Nucleolar activation and vacuolation in embryo radicle cells during early germination

Abstract

The activation of the nucleolus of primary root cells of Sinapis alba embryos during the first 72 h of germination was monitored by autoradiographic, ultrastructural and microstereological methods. Autoradiographs showed that within 48 h, the nucleolus progressively resumed the capacity to synthesize pre-rRNA molecules at a high rate. In quiescent embryos the nucleolus was small, compact and composed of mixed granular and fibrillar components. Within the first 6 h of germination a strong nucleolar vacuolation occurred, accompanied by a decrease in the volume of the nucleolus and a concomitant high loss of its ribonucleoproteins (RNPs). From 6 to 24 h, nucleolar vacuolation decreased to reach a stable level. During this last period the volume of the nucleolus increased by the accumulation of the fibrillar component resulting from a slow pre-rRNA processing.

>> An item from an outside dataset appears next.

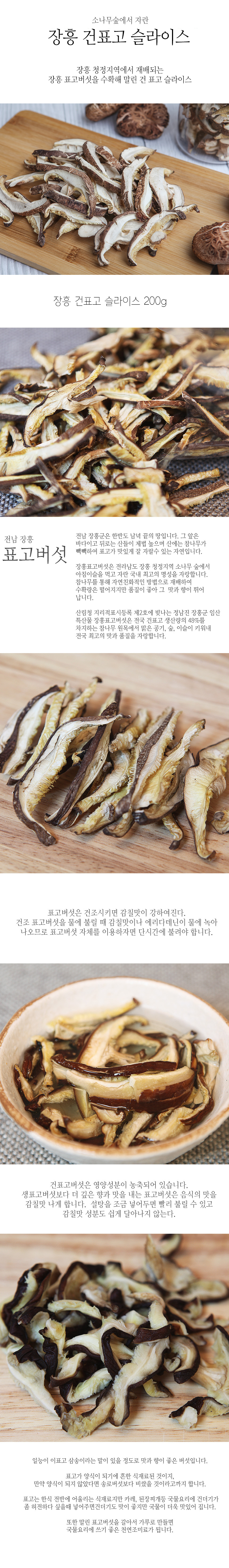 전남 장흥군은 한반도 남녀 끝의 땅입니다. 그 앞은 바다이고 뒤로는 산들이 제법 높으며 산에는 참나무가 빽빽하여 표고버섯이  맛있게 잘 자랄수 있는 자연입니다. 장흥표고버섯은 전라남도 장흥 청정지역 소나무 숲에서 아침이슬을 먹고 자란 국내 최고의 명성을 자랑합니다. 참나무를 통해 자연친화적인 방법으로 재배하여 수확량은 떨어지지만 품질이 좋아 그 맛과 향이 뛰어 납니다,  산림청 지리적표시등록 제2호에 빛나는 정남진 장흥군 임산 특산물 장흥표고버섯은  참나무 원목에서 맑은 공기, 숲, 이슬이 키워내 전국 최고의 맛과 품질을 자랑합니다.

At 24 h the nucleolus presented a predominantly fibrillar texture. After 24 h, nucleolus growth continued but was due to the accumulation of the granular component, indicating that pre-rRNA processing occurred at a higher rate than during the first day of germination. From 48 h the nucleolus was composed of well-delineated granular and fibrillar areas. Dense nucleolus-associated chromatin as well as fibrillar centres were always observed during the whole period of observation. In addition, previous studies on the nucleolus of radicle cells of Zea mays embryo during early germination were completed by studying changes in the nucleolar volume and in the density of pre-ribosomal subunits of the granular component. On the basis of the data obtained with both species we suggest that a possible function for the nucleolar vacuoles is the increase in the nucleolus-nucleoplasm exchange interface in response to a rapid increase in the output of nucleolar RNPs. The nucleolar growth pattern during early germination is also discussed.